We do not know how long the good life in Eden lasted for Adam and Eve, but we do learn that at one point, something seems to have gone terribly wrong. What brought Eden down? The answer is found in the following text: "And the Lord God commanded man, saying, 'Of every tree of the garden you are free to eat, but as for the tree of knowledge of good and bad, you must not eat'" (Gen. 2:17).
Why didn't God want Adam and Eve, the two best gardeners he ever had, to eat of the tree of knowledge? It is difficult to believe that God did not want human beings to be knowledgeable, informed, since the essence of humanity is our capacity to make informed choices. There had to be a different reason for restricting Adam and Eve from the tree of knowledge - a more compelling, more challenging reason.
God may have been testing Adam and Eve, testing their capacity for self-discipline. Even though they did not possess full knowledge, God had vested this first couple with free will. God had given them the capacity to choose between obedience and disobedience. And for whatever reason, they failed. They chose not to resist the temptation to eat the fruit. The biblical writers were trying to tell us something: From the very beginning, humans have had free will. It is a powerful tool. Use it wisely. People pay a price for poor choices.

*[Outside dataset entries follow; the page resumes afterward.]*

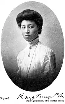 No hay indicios de que el matrimonio fuera organizado por sus respectivas familias, como solía ser el caso entre los chinos de clase alta en ese momento. Tongbi acompañó a su esposo cuando este último fue asignado al consulado chino en Dinamarca, y luego se mudó a los Estados Unidos, donde ya residía su padre.[5]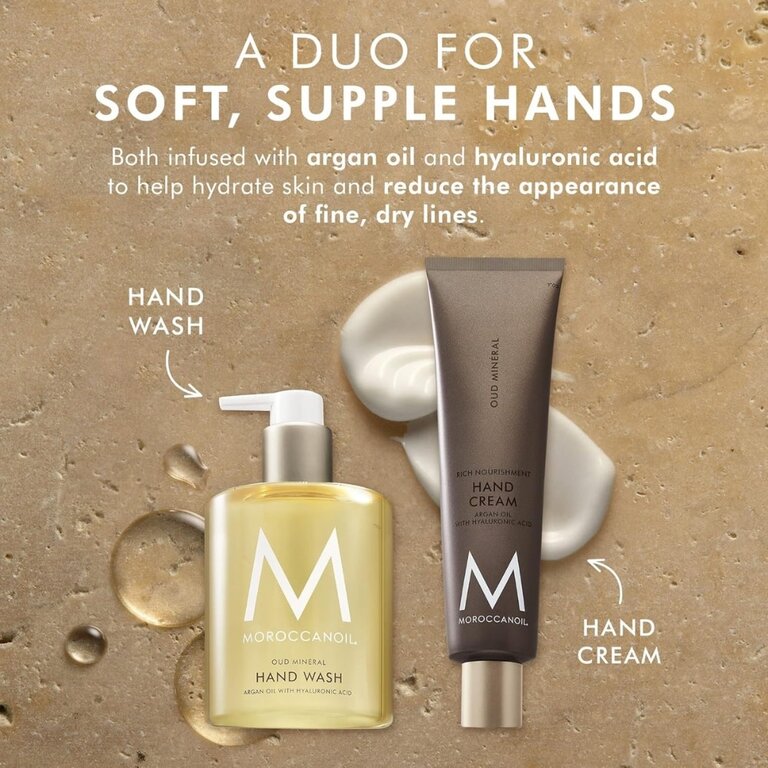 Inspiré des soins de la peau, découvrez un nettoyage en douceur avec le savon pour les mains Oud Minéral "Hand Wash" de Moroccanoil. Sa formule est enrichie d'huile d'argan riche en antioxydants et d'acide hyaluronique permettant d'optimiser la rétention de l'hydratation, convenant à tous les types de peaux.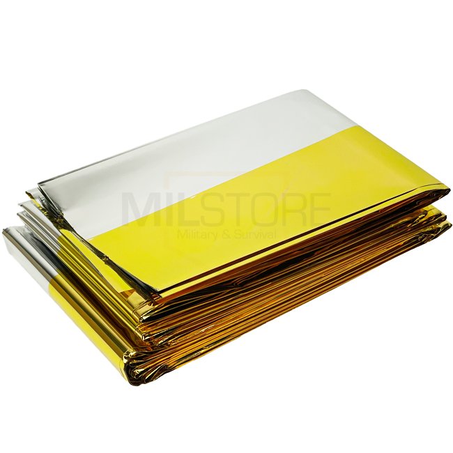 Couverture d'urgence à fourche - Couverture multifonctionnelle pour protection contre le froid, l'humidité, le vent et la chaleur. Peut également être utilisée comme sous-couche pour un sac de couchage. Côté argent à l'intérieur pour la protection contre

Eve wanted to taste that apple, and so did Adam. The price they paid for that bite was steep, very steep indeed: expulsion from the garden. Thus was the course of human history forever changed. Of course, the snake took the rap for what happened, but truth be told, he was only a bit player in this scene. It was God, not the snake, who commanded the couple not to eat of the tree, and it was disobedience of that command that caused God to expel them from Eden. But that did not stop first- and second-century biblical commentators from tying the eviction to some illicit sexual awareness or from portraying the snake in negative and sexual terms. They got some help from the Bible, which tells us that "the serpent was the shrewdest of all the wild beasts that the Lord God had made" (Gen. 3:1). He talked. And he was defiant of God. One can almost hear him sidling up to Eve and, in the most seductively beguiling terms, hissing in her ear, "You are not going to die" (Gen. 3:4). It's little wonder that first-century Christian writers linked the snake to the Devil himself.
The Apocalypse of Moses, a Christian source written in Greek and dating from the first century, contains the following quote attributed to Eve: "The devil answered me through the mouth of the serpent." Another first-century Greek source, Maccabees, puts the matter erotically: "[A woman recalls] ... nor did the Destroyer, the deceitful serpent, defile the purity of my virginity" (4 Macc. 18:7-8).
Here is the serpent as phallus. The phallus seen in negative, even hateful, terms. In fact, some religious traditions used the Eden story to link sex and sin. But there is no such connection in the biblical account. Other than a reference to nakedness-in and of itself not a sexually negative allusion- there is no sexual reference in the Garden of Eden story. Yet this harmful equation of sex and sinfulness persists to this very day, instilling in many people feelings of guilt about what are normal and healthy sexual feelings, and preventing social institutions such as schools and churches from talking openly and teaching honestly about human sexuality.